Evolving Mindsets To Solve New Problems

One of the sessions during the final day of the conference emphasized once more the need for human communication as newer technologies are adopted.

“The challenge I see in health systems is having old-school thinking in the IT teams that doesn’t allow them to scale or look at a problem in a different way,” said Dr. Zafar Chaudry, senior vice president, chief digital officer, and chief AI and information officer at Seattle Children’s.

He said that the old cycle of buying new equipment to build up data centers was no longer feasible, and that technical debt was one of the major challenges of 2025.

“You cannot spend $100 million on the infrastructure. So, this is where your partnerships come in, your collaboration with other people. I think the value is now to have that cloud-based infrastructure,” he said.

panelists on stage at HIMSS25

From left: Allyson Fryhoff, general manager of global healthcare and life sciences at Amazon Web Services, moderates a panel discussion with Martijn Hartjes, business leader for clinical informatics at Philips; Dr. Zafar Chaudry, senior vice president, chief digital officer and chief AI and information officer at Seattle Children’s; and Kalimuthu Chithambaram, North Americas field CTO for healthcare at CDW. (Photo by Teta Alim)

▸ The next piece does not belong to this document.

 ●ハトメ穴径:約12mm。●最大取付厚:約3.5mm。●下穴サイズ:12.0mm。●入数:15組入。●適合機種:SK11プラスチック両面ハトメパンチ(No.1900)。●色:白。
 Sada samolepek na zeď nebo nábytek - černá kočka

Because Seattle Children’s has been able to realize a paradigm shift in infrastructure and data, it has implemented changes that have had a real impact on patient outcomes. As it evolved its data strategy, for example, it found a need to change its approach to pain medication to eliminate or reduce the use of opioids for pediatric surgery patients. 

With the use of AI, the health system is preparing to launch a solution that makes its clinical pathways, usually detailed in pages of PDFs, more accessible for clinicians.

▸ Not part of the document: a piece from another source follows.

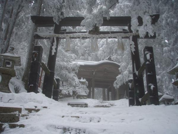 山門を過ぎしばらく進んだ所にある石灯篭も、すっかり雪帽子を被っていました。黒門から本殿までの階段は毎年凍結する難所ですが、幅50cmほどが除雪されていたので、結局アイゼンを使わずに山頂の愛宕神社に到着。三角点なし、展望なし。積雪10cmぐらい。気温-4度でとても寒い。

Following patient feedback, Seattle Children’s became the first pediatric hospital to be represented in Minecraft and launched a server last year for patients to play when they can’t leave their rooms.

Of course, with new capabilities and expectations comes the need for updated skill sets and training.

Kalimuthu Chithambaram, North Americas field CTO for healthcare at CDW, said that partners can work closely together with healthcare organization for on-the-job training if they’re looking to implement platform engineering or other DevOps approaches.

Adopting more automation allows IT teams then to channel efforts into more strategic projects. “Embrace automation. You’re the gatekeeper, and you’re building repeatable models that help you do your job effectively so that you can focus on something that’s coming up next,” he said.